Um critério apontado terá sido o da teoria cognitiva da probabilidade, que se
caracterizava por querer assentar tal distinção com base no elemento cognitivo. Porém, esta
proposta contraria expressamente o texto legal, que indica negligência consciente e dolo
eventual como traduzindo a mesma intensidade do elemento cognitivo.
Posteriormente, foram apresentadas a fórmula positiva de Frank e a fórmula
hipotética de Frank. Estas construções reconduziam, respectivamente, o dolo à aceitação do
resultado típico e a negligência à confiança na não produção do resultado – fórmula positiva;
ou recorriam a um juízo hipotético que consistia em indagar se os agentes soubessem que tal
resultado se iria produzir, teriam ou não cessado a sua actuação.

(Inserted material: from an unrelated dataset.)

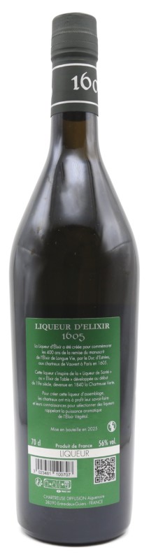 Créée en 2005 pour célébrer le 400ᵉ anniversaire de la remise du manuscrit originel aux Chartreux en 1605, la Liqueur d’Élixir 1605 rend hommage à l’« Élixir de longue vie » qui inspira la légende de la maison. Embouteillée à 56 % vol., elle met en avant une expression intense et puissante, révélant toute la profondeur végétale et la complexité herbacée qui font la singularité de la Chartreuse. La mise 2025 perpétue cette cuvée emblématique, recherchée autant par les collectionneurs que par les amateurs de liqueurs d’exception.

Como se intui, tais fórmulas manifestaram-se insuficiente, admitindo soluções de
casos perfeitamente inadequadas.
Nesse sentido, FIGUEIREDO DIAS remete-nos para o critério da seriedade do risco a
considerar, defendendo que se tal risco for sério haverá dolo eventual e não apenas
negligência. Afasta-se, assim, a relevância da confiança, remetendo o problema para o
próprio risco de produção do resultado típico. PUPPE aproxima-se desta concepção,
afirmando como critério relevante a circunstância de saber se o risco pelo agente representado
deverá ser levado a sério.
Com a mesma ideia, embora com uma formulação distinta, surge ROXIN afirmando
que se o agente confiar normativamente, com fundamento razoável, na não produção do
resultado, haverá negligência consciente e não dolo eventual, com ressalva, contudo, para a
diferença entre confiança e esperança.
Segundo MARIA FERNANDA PALMA, o critério determinante prende-se com a
sobrevalorização dos interesses do agente em detrimento da protecção do bem jurídico. No
fundo, haveria que questionar se a actuação do agente revela que este conferiu primazia ao
seu intuito lesivo, ainda que tal implicasse a colocação em risco do bem jurídico.